EXERCISE PROMPT => The entries below must be reproduced exactly; their pictures are not part of the copy.

RECORDS FOR THE TASK =>
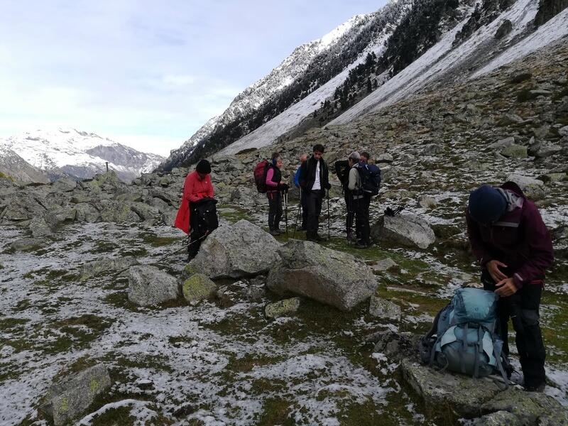 Après le casse-croûte au col du Bastanet, descente vers l'Oule. -
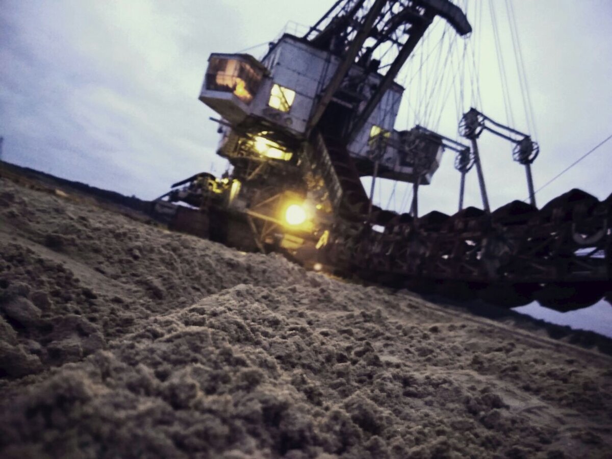 А вот и сам карьер. Огромный ковш шагающего экскаватора размером с дом.
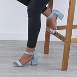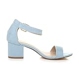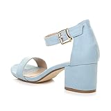 AJVANI Womens Mid Block Heel Ankle Strap Heeled Sandals in Baby Blue Size: 5 - Baby Blue - Size: 5
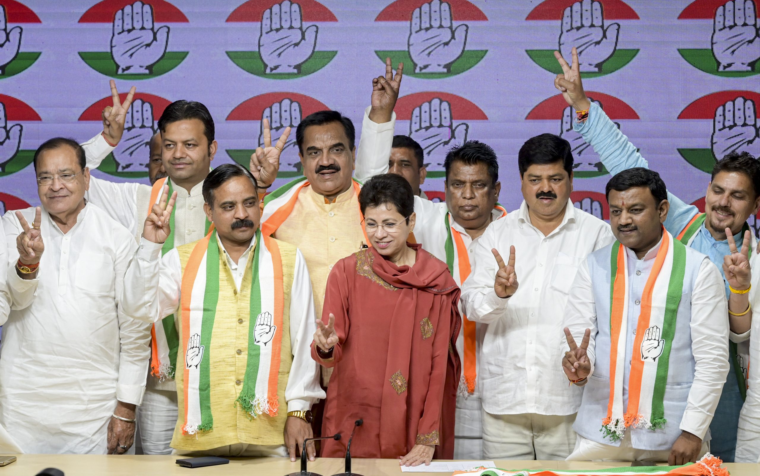 New Delhi: Congress leader Kumari Selja felicitates former BJP MLAs Rajkumar Thukral and Bhimlal Arya, former Roorkee mayor Gaurav Goyal, BJP leaders Lakhan Singh Negi and Anuj Gupta and BSP leader Narayan Pal after joining the Congress party, at the party office, in New Delhi, Saturday, March 28 2026. (PTI Photo) (PTI03_28_2026_000271B)
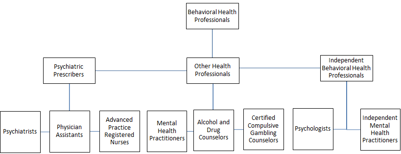 Independent behavioral professionals and other behavioral professionals may hold more than one license. Psychologists included those who held a license to practice psychology and were actively practicing psychology. Independent mental health practitioners included those who were licensed and actively practicing as an independent mental health practitioner. Mental health practitioners included those who were licensed and actively practicing as a mental health practitioner. Addiction counselors consisted of licensed and actively practicing alcohol and drug counselors and/or certified compulsive gambling counselors.
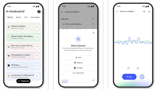 또한 모바일 환경에서 새로운 노트를 생성하거나 기존 노트를 확인하는 것은 물론 스마트폰으로 웹사이트, PDF 문서, 유튜브 영상 등을 보다가 공유 아이콘을 통해 손쉽게 노트북LM에 새 자료로 추가할 수 있다. 각 노트에 이미 업로드된 자료들도 한눈에 확인 가능하다. 사용자의 기기 시스템 설정에 따라 라이트 모드와 다크 모드도 자동으로 적용된다.
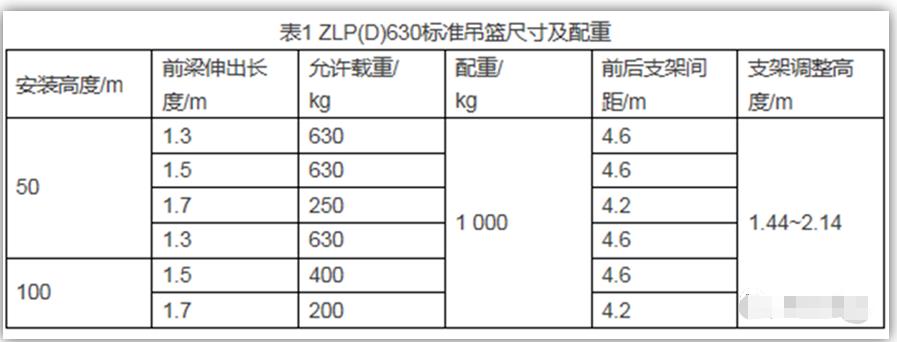 5、高處作業(yè)ZLP630吊籃尺寸及配重 目前市場上通常采用的吊籃有ZLP(D)630, ZLP(D)800, ZLP(D)1000型號。表1為ZLP(D)630標(biāo)準(zhǔn)吊籃尺寸及配重情況。
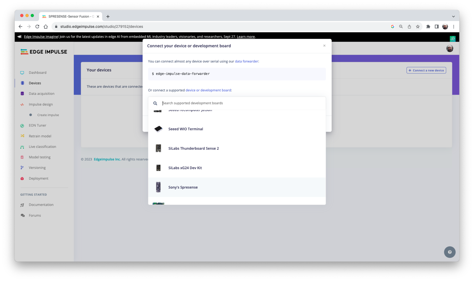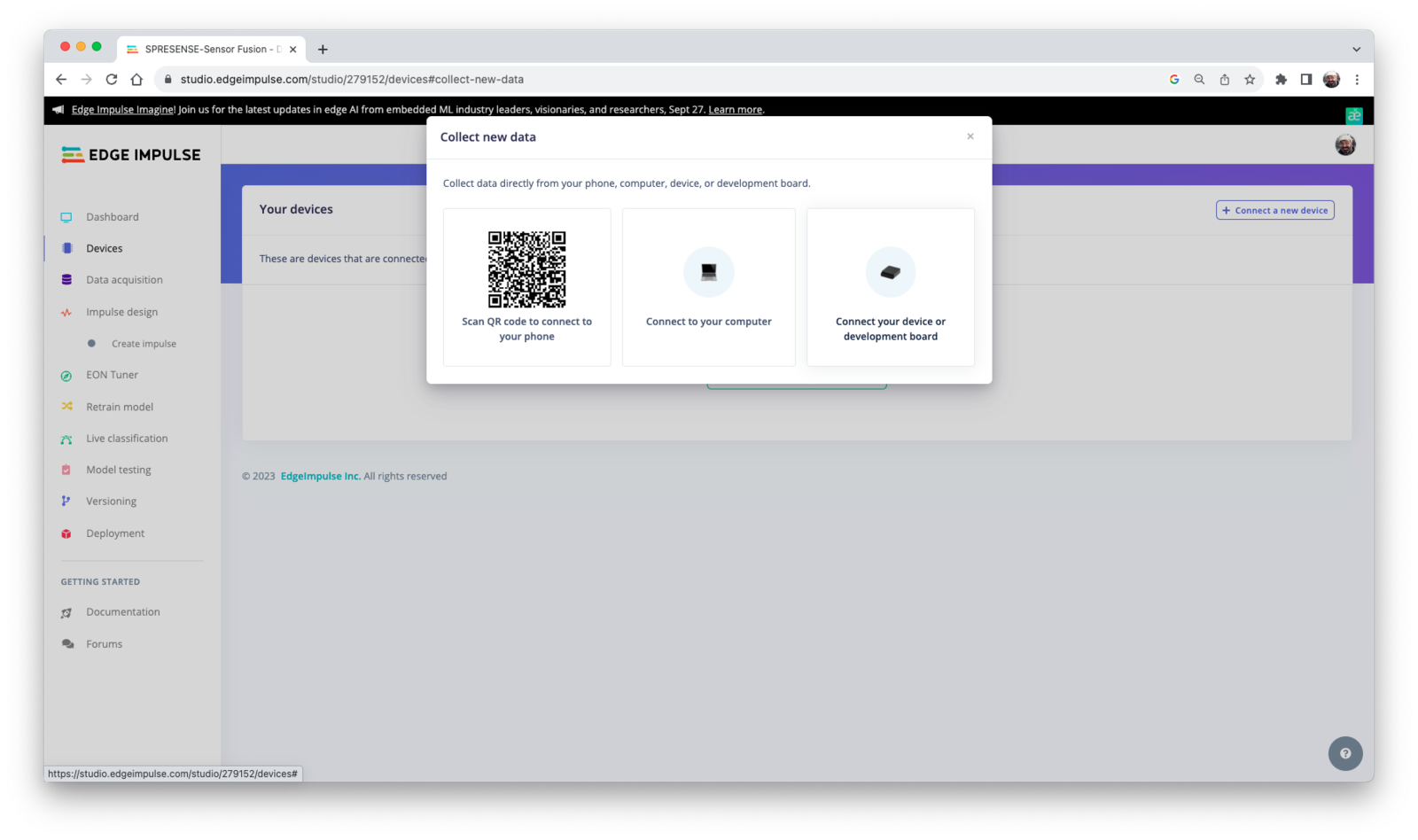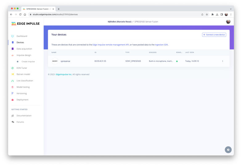 Go to EdgeImpulse.com, create a Project, and connect the device:
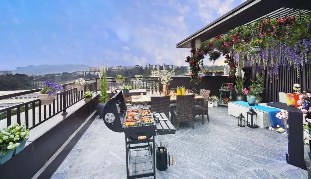 一方星空大露台,让居者多了个揽景拾光的去处,闲来无事,大可独自潜读、煮酒烹茶品人生或是亲友派对小聚,在爽朗户外,分享雅致闲乐时光。

THE COMPLETED TASK =>
 Après le casse-croûte au col du Bastanet, descente vers l'Oule. -
 А вот и сам карьер. Огромный ковш шагающего экскаватора размером с дом.
 AJVANI Womens Mid Block Heel Ankle Strap Heeled Sandals in Baby Blue Size: 5 - Baby Blue - Size: 5
 New Delhi: Congress leader Kumari Selja felicitates former BJP MLAs Rajkumar Thukral and Bhimlal Arya, former Roorkee mayor Gaurav Goyal, BJP leaders Lakhan Singh Negi and Anuj Gupta and BSP leader Narayan Pal after joining the Congress party, at the party office, in New Delhi, Saturday, March 28 2026. (PTI Photo) (PTI03_28_2026_000271B)
 Independent behavioral professionals and other behavioral professionals may hold more than one license. Psychologists included those who held a license to practice psychology and were actively practicing psychology. Independent mental health practitioners included those who were licensed and actively practicing as an independent mental health practitioner. Mental health practitioners included those who were licensed and actively practicing as a mental health practitioner. Addiction counselors consisted of licensed and actively practicing alcohol and drug counselors and/or certified compulsive gambling counselors.
 또한 모바일 환경에서 새로운 노트를 생성하거나 기존 노트를 확인하는 것은 물론 스마트폰으로 웹사이트, PDF 문서, 유튜브 영상 등을 보다가 공유 아이콘을 통해 손쉽게 노트북LM에 새 자료로 추가할 수 있다. 각 노트에 이미 업로드된 자료들도 한눈에 확인 가능하다. 사용자의 기기 시스템 설정에 따라 라이트 모드와 다크 모드도 자동으로 적용된다.
 5、高處作業(yè)ZLP630吊籃尺寸及配重 目前市場上通常采用的吊籃有ZLP(D)630, ZLP(D)800, ZLP(D)1000型號。表1為ZLP(D)630標(biāo)準(zhǔn)吊籃尺寸及配重情況。
 Go to EdgeImpulse.com, create a Project, and connect the device:
 一方星空大露台,让居者多了个揽景拾光的去处,闲来无事,大可独自潜读、煮酒烹茶品人生或是亲友派对小聚,在爽朗户外,分享雅致闲乐时光。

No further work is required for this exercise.